Eine Tochter klammert sich an ihren Vater.

Mateo Garcia und Naíma Sentíes im Film „Tótem“.

(Kino Lorber)

Der Dialog von „Totem“ ist gespickt mit umgangssprachlichen Wörtern und Redewendungen, die den mexikanischen Zuschauern, insbesondere denen aus der Hauptstadt des Landes, authentisch vorkommen. „Wenn ich schreibe, gibt es einen Moment, in dem ich anfange zu lachen, wenn ich sage: ‚Diese Figur spricht so‘, und ich fange an, kleine Wörter oder Sprechweisen zu erfinden“, sagt der Filmemacher. (Ein umgangssprachlicher Begriff für Arbeit – „la chambis“ – hat es in „Das Zimmermädchen“ geschafft.)

Avilés ist zwar in den Einzelheiten verwurzelt, findet sich aber nun mitten in einer Preisverleihungskampagne in Los Angeles wieder. Es scheint unwahrscheinlich, dass es sie werfen wird.

„Kino ist zu meinem Totem geworden“, sagt sie. „Beim Filmen befindet sich jeder – der Tontechniker, die Schauspieler – in diesem Raum voller Präsenz, der präsenter ist als die Gegenwart. Du konzentrierst dich sehr auf dein Bewusstsein.“

Aber würde sie ihre Meinung ändern, wenn die Machthaber ihr plötzlich ein Superhelden-Franchise anbieten würden?

„Das interessiert mich nicht“, sagt Avilés lächelnd. „Auf dieser Welt gibt es zu viele Heldinnen und Helden aus Fleisch und Blut, die uns jeden Tag in unserem Leben umgeben.

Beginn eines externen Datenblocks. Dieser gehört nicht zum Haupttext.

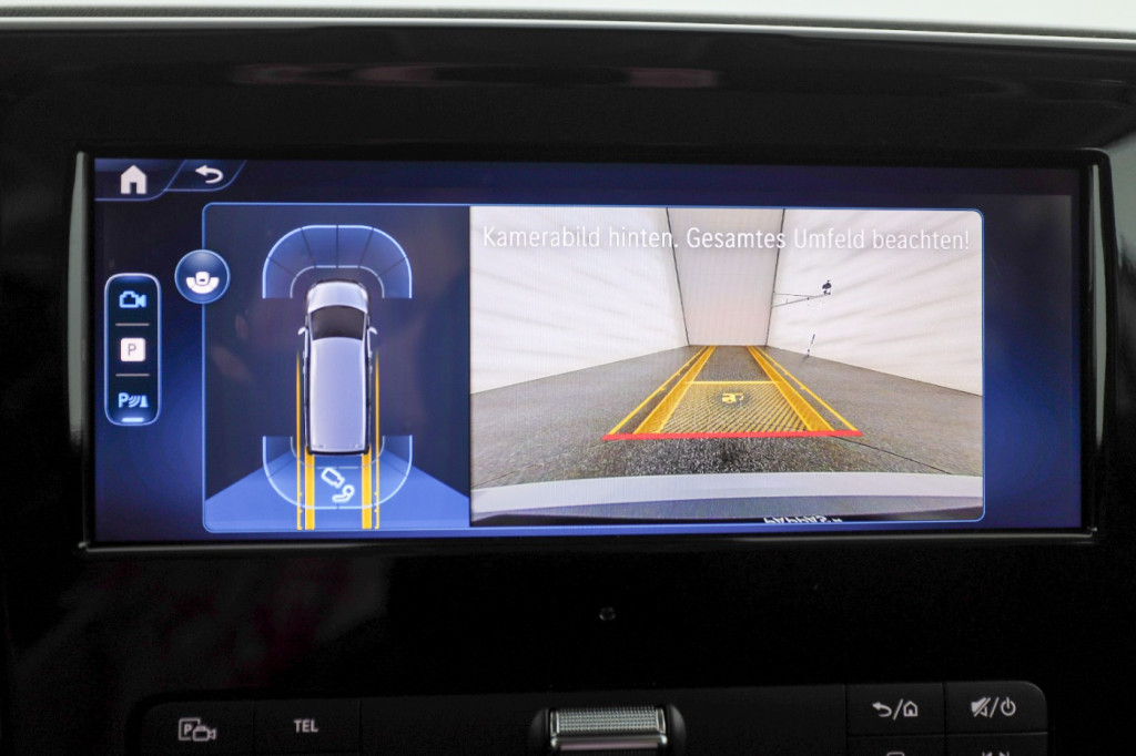 Lederlenkrad, Dachreling, Navigation, Smartphone-Integrationspaket, Distronic, Spiegel-Paket, Park-Paket mit RFK, Multibeam, Schiebetüre li, Colorvergl• EY5||Mercedes-Benz Notrufsystem
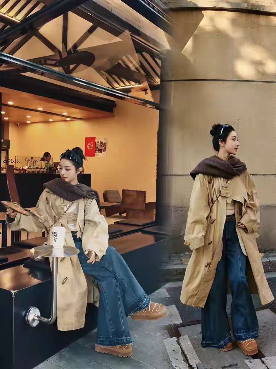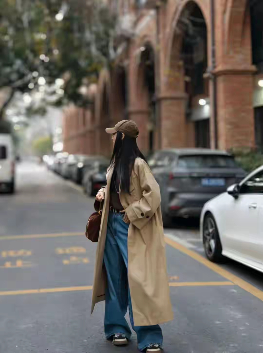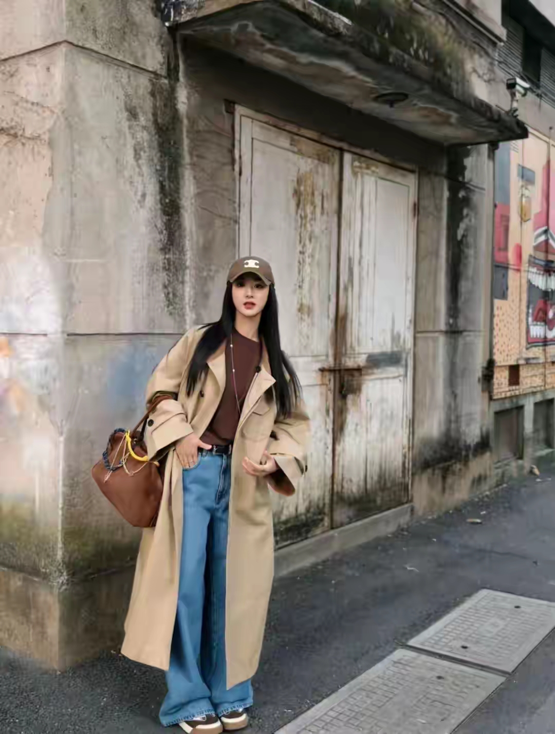 薇娅这件卡其色风衣,看起来比较贵气有范,内搭深咖色打底,下搭蓝色牛仔阔腿裤,这种慵懒风造型,潮流又时尚,彰显高大上气质!

Das sind die Helden, über die ich gerne weiterhin Geschichten erzählen würde.“

Es ist schwer, nicht mit einem warmen Eindruck von Avilés nach Hause zu gehen, das in jeder Erfahrung nach dem Positiven sucht („lo lindo“, würde sie sagen). Es ist, als wäre alles, was sie sagt oder tut, ein Akt der Dankbarkeit. Ja, sie ist ein bisschen unkonventionell. Aber irgendwie fühlt sich alles aufrichtig an, genau wie in ihren Filmen.